Here's my"ls -n" results. The 5.18 kernels all work and the 6.1 kernel fails. The size doesn't necessarily mean that there aren't libraries missing though.
The smaller 5.18 initramfs file was created by my manual invocation of dracut to build it but it STILL BOOTS.
I suspect that the compression algorithm for the system created initramfs is different than the compression algorithm of the one you created manually. For what it is worth, I turned off compression of the initramfs to remove a variable during troubleshooting. And left it off as it only saves a few megs of drive space. Once, that was important, but in the days of terabytes, well, I don't think that is so important. Maybe for a raspberry pi? Or android? Internet of things?
As I stated, my "hang"is in dracut-pre-mount hooks processing. I don't know enough about dracut to trouble shoot this any further. I'm eager to learn though. Pointers to docs would be helpful. Is there a ldd lookalike for initramfs? I could unpack the boot and bad initramfs files and compare the libraries in both. This might give a clue as to what's going on.
If you look at man dracut , there are instructions on how to have dracut put out debug information. As I said, that produced nothing in my case because there wasn't a dracut error, just an initramfs build error.
I'm not aware of an ldd for the initramfs. What I did is run ldd on libsystemd, libsystemd-core, and libsystemd-share to find what libraries were essential in order for systemd to start. Once systemd starts, it has the installed libraries of the system to use, and so it doesn't need anything else from the initramfs.
If you want a quick and dirty method, just run a grep as follows on the two initramfs you are comparing to create two files, and then edit them side by side. Should be all on one line, email client wrapped it.
grep -e 'lib*' initramfs[specification] > initramfs[specification]_libs.txt
Around the point of this failure are what looks like something is writing a script... just a few lines but zfs is referenced though.
If you get debug output from dracut, that might illuminate the cause of that.
I don't have this problem with a F38 VM (VirtualBox). Also, I do NOT see any strange messages during system upgrade although dnf apparently runs something that uses ALL memory or somehow triggers an OOM kill event that kills the window manager and logs me off the system.
I wonder, if you are using f38, I've been seeing that dnf5, the new version of dnf written in c++(?), might be there. So it could be you are finding a bug.
I have only one system here... sigh... Is there no other way to get a console that one could copy the output into a regular file?
The debug instructions for dracut should accomplish this.
Any thoughts or suggestions would be appreciated.
It is for this reason that I always have two versions of fedora installed. The current version and the previous one. When things like this happen, I have recourse to the previous version to debug the issue, and not lose access to a working system for other things.
Stan,
I found the cause of my particular problem.

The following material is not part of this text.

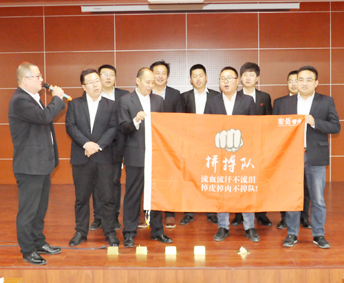 在花体会营销总监崔总和张总的见证和营销中心全员热烈的掌声中,战队成员充满了决心和勇气,用钢铁般的行动证明他们必胜的决心,各战队成员们也用最佳的状态做好了一切准备,为共同的荣誉奋战向前。
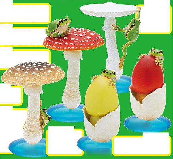 專門推出轉蛋、盒玩尺寸商品的株式会社いきもん(naturetechnicolour)之前推出的「蘑菇和樹蛙」 キノコとアマガエル(名稱暫譯)轉蛋作品,以逼真的樹蛙來結合顏色鮮豔蘑菇的主題相當受到喜愛轉蛋尺寸玩具人的歡迎,這次將以新配色和新盒裝的方式來再次販售,本來是使用透明底座(參考照片第四張)此次也換成是水藍色的(照片第三張),喜歡《naturetechnicolour》系列作品的玩具人可以參考一下歐!

A few days ago I reran the "mkswap /dev/sda3" command... which, apparently, re-generated the UUID of that device. I did not put the new uuid into the grub.cfg file which has a line with this content
"GRUB_CMDLINE_LINUX="resume=UUID=28cc21c5-3545-43c3-821a-653244b9493a nomodeset quiet net.ifnames=0 biosdevname=0 kernel.task_delayacct=1"
Apparently dracut et. al. doesn't handle this situation very well or the message gets lost in the "clutter" the boot process generates.
I fixed the file and reran the "grub2-mkconfig -o /boot/grub2/grub.cfg" command... then booted the system.
Poof! It worked.
It's strange to note that the 5.18 system booted just fine... even with this error condition present... apparently no strange messages or behavior either...
It seems to me that this kind of error should get a lot more attention than it does currently.
I appreciate your help and your time so THANKS for that.
Best regards and STAY SAFE!
George...
On Sunday, October 23, 2022 at 08:01:24 AM PDT, stan upaitag@zoho.com wrote:
On Sat, 22 Oct 2022 21:51:07 +0000 (UTC) George R Goffe via test test@lists.fedoraproject.org wrote:
Stan,
Thanks for responding to this request for help.
Here's my"ls -n" results. The 5.18 kernels all work and the 6.1 kernel fails. The size doesn't necessarily mean that there aren't libraries missing though.
The smaller 5.18 initramfs file was created by my manual invocation of dracut to build it but it STILL BOOTS.
I suspect that the compression algorithm for the system created initramfs is different than the compression algorithm of the one you created manually. For what it is worth, I turned off compression of the initramfs to remove a variable during troubleshooting. And left it off as it only saves a few megs of drive space. Once, that was important, but in the days of terabytes, well, I don't think that is so important. Maybe for a raspberry pi? Or android? Internet of things?
As I stated, my "hang"is in dracut-pre-mount hooks processing. I don't know enough about dracut to trouble shoot this any further. I'm eager to learn though. Pointers to docs would be helpful. Is there a ldd lookalike for initramfs? I could unpack the boot and bad initramfs files and compare the libraries in both. This might give a clue as to what's going on.
If you look at man dracut , there are instructions on how to have dracut put out debug information. As I said, that produced nothing in my case because there wasn't a dracut error, just an initramfs build error.
I'm not aware of an ldd for the initramfs. What I did is run ldd on libsystemd, libsystemd-core, and libsystemd-share to find what libraries were essential in order for systemd to start. Once systemd starts, it has the installed libraries of the system to use, and so it doesn't need anything else from the initramfs.
If you want a quick and dirty method, just run a grep as follows on the two initramfs you are comparing to create two files, and then edit them side by side. Should be all on one line, email client wrapped it.
grep -e 'lib*' initramfs[specification] > initramfs[specification]_libs.txt
Around the point of this failure are what looks like something is writing a script... just a few lines but zfs is referenced though.
If you get debug output from dracut, that might illuminate the cause of that.
I don't have this problem with a F38 VM (VirtualBox). Also, I do NOT see any strange messages during system upgrade although dnf apparently runs something that uses ALL memory or somehow triggers an OOM kill event that kills the window manager and logs me off the system.
I wonder, if you are using f38, I've been seeing that dnf5, the new version of dnf written in c++(?), might be there. So it could be you are finding a bug.
I have only one system here... sigh... Is there no other way to get a console that one could copy the output into a regular file?
The debug instructions for dracut should accomplish this.
Any thoughts or suggestions would be appreciated.
It is for this reason that I always have two versions of fedora installed. The current version and the previous one. When things like this happen, I have recourse to the previous version to debug the issue, and not lose access to a working system for other things.